2019 Thorn-Clarke “Shotfire” Shiraz, Barossa Valley, Australia (Alcohol 14.5%, Residual Sugar 3 g/l) LCBO Vintages $24.95 (750ml bottle)

This newly released (September 9th, 2023) Barossa Valley Shiraz is a wonderfully accessible bottle of wine, offering a great example of gorgeously ripe Barossa fruit (with some terroir influences) at a pretty damn reasonable pricepoint.

Thorn-Clarke’s Shotfire range acknowledges the Clarke family’s connections to the Lady Alice mine in the Barossa goldfields from 1870 onward. The “shotfirer” was the name given to the person responsible for both the placement and detonation of the dynamite used to excavate these mines. 

The 2019 vintage is very highly thought of, producing wines of especially high quality but with greatly reduced yields. I’ve tasted this wine many times over the vintages, and I think that this one is a highpoint for the the Shotfire Shiraz, it it shows much more blance than I have witnessed in previous years.

 The grapes for this wine were sourced from vines in the St. Kitts and Milton Park vineyards. Once fermented, the wine was pumped over to ensure maximum colour, flavour, and tannin extraction. The wine was then aged for 14 months in 40% new American oak hogsheads, with the remainder seeing 2nd and 3rd fill cooperage.

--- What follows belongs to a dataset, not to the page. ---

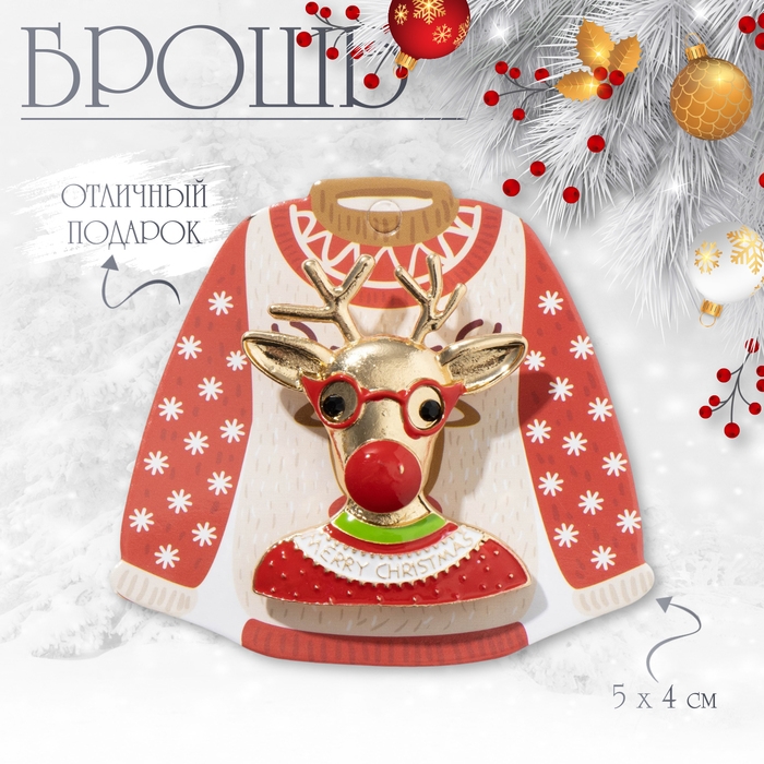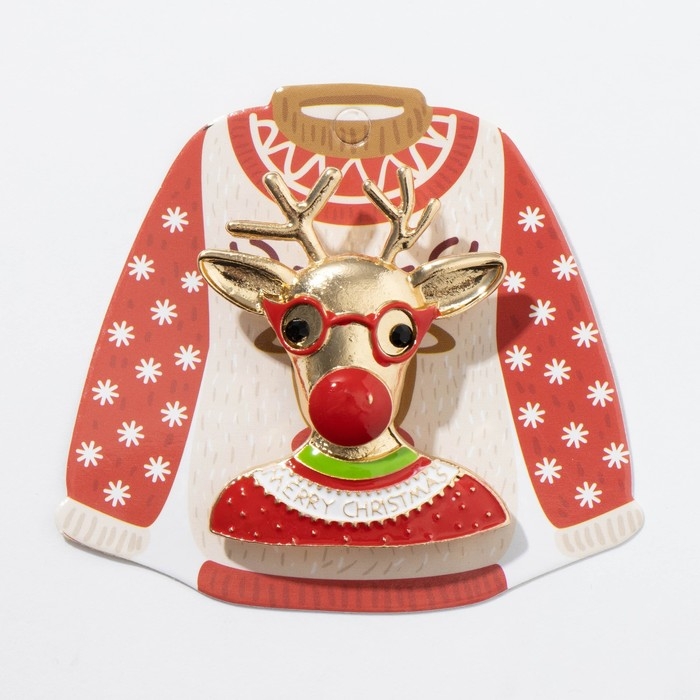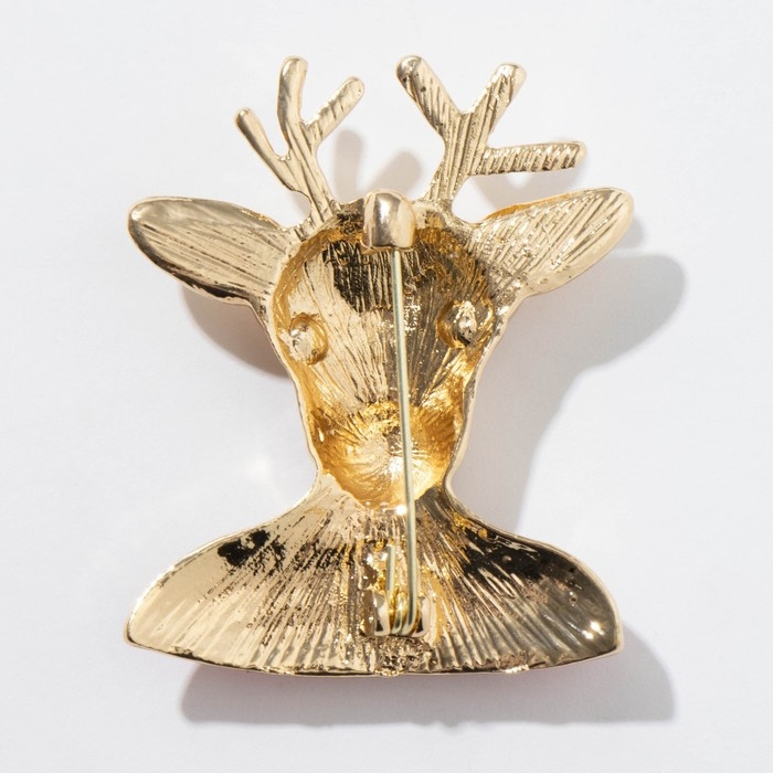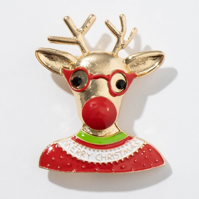 Брошь новогодняя «Олень» в свитере, цветная в золоте

In the glass, the bouquet is a powerful one, with a whole load of generous Barossa blackcurrant and blackberry fruit alongside some black pepper, warm vanilla spice, cloves, and a most welcome floral element bringing a lively freshness to the wine. Shotfire is usually benchmark Barossa for me, but for the first time with this particular vintage, there is an undeniable nod to the savoury Syrahs of the northern Rhône, and I’m sure that’s by design and not by accident.

The mouthfeel is also wholly generous when it comes to expressive blackcurrant fruit, and this will surely tick all the right boxes for those whose palates swing towards this classic, bold Barossa style. In previous vintages, I’ve found this wine to taste sweeter on the front of the palate, but this time around, it seems more in keeping with the overall feel of the wine: definitely forward but with a surprising amount of subtle complexity, and this vintage is all the better for it. The tannins are beautifully ripe and supple, tasting great right out of the bottle without any need for decanting despite their surprising firmness, and they integrate so well with the warm spicy oak. On the finish, there’s a pleasant pepperiness, once again taking me somewhere close to the Rhône Valley.

For me this is a wine that sits perfectly with sticky braised beef ribs, whether Asian or European in their preparation. Really enjoyable.